Using the entries below, copy out all lines where "from" is found.

------------------------------------

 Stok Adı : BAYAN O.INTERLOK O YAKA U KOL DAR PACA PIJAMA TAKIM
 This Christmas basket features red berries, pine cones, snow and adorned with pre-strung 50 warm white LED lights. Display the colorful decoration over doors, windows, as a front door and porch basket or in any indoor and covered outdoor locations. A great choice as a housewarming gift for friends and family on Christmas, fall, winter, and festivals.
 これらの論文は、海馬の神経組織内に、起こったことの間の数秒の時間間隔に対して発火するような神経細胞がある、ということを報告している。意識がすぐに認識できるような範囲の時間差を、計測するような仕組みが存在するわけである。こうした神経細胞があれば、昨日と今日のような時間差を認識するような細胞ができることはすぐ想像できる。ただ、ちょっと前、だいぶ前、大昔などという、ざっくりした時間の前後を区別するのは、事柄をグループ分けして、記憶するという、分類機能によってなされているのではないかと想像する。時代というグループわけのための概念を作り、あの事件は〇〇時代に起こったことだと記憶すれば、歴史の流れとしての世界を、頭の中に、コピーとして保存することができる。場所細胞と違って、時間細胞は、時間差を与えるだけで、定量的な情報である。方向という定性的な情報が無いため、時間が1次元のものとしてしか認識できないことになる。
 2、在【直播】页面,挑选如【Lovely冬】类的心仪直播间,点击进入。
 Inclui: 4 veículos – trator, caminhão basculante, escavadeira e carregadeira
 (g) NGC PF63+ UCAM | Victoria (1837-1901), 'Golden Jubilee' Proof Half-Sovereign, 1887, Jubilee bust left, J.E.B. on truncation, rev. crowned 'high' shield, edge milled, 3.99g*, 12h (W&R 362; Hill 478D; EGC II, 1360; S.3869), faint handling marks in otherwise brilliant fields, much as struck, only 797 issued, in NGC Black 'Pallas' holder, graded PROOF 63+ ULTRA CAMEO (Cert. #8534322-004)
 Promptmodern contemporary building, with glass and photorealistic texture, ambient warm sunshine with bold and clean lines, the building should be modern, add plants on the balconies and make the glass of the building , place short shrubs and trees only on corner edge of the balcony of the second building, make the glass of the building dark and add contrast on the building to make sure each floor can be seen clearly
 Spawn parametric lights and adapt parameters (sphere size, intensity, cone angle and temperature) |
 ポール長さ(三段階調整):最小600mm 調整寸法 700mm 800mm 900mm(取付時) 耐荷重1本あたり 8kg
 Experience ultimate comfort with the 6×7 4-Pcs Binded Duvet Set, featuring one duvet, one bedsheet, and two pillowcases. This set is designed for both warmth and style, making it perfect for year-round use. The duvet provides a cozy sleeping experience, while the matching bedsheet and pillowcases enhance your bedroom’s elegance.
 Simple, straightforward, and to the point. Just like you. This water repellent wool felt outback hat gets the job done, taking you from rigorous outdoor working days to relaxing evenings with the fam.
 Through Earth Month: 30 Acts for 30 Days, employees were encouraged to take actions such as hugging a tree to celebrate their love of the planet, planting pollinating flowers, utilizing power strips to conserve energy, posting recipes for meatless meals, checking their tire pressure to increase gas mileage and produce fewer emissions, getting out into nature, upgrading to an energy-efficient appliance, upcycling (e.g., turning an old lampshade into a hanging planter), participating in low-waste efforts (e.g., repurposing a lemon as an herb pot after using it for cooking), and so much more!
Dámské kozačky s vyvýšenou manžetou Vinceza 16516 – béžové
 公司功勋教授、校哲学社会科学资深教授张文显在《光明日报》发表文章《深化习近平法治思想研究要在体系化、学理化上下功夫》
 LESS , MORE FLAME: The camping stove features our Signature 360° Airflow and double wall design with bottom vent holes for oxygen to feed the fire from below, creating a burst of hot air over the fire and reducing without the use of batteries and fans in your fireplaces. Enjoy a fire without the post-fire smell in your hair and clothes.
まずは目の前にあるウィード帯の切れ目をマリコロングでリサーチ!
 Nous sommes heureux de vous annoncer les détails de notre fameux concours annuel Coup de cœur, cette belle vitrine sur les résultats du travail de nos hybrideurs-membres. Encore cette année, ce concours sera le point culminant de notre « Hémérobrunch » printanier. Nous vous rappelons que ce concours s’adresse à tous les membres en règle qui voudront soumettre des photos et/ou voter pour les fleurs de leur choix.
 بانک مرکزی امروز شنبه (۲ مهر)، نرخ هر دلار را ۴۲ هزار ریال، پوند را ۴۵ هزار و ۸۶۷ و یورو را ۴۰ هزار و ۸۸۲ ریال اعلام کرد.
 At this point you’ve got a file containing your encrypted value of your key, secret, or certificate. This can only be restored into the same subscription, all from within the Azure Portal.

------------------------------------

**Answer section:**
 Simple, straightforward, and to the point. Just like you. This water repellent wool felt outback hat gets the job done, taking you from rigorous outdoor working days to relaxing evenings with the fam.
 LESS , MORE FLAME: The camping stove features our Signature 360° Airflow and double wall design with bottom vent holes for oxygen to feed the fire from below, creating a burst of hot air over the fire and reducing without the use of batteries and fans in your fireplaces. Enjoy a fire without the post-fire smell in your hair and clothes.
 At this point you’ve got a file containing your encrypted value of your key, secret, or certificate. This can only be restored into the same subscription, all from within the Azure Portal.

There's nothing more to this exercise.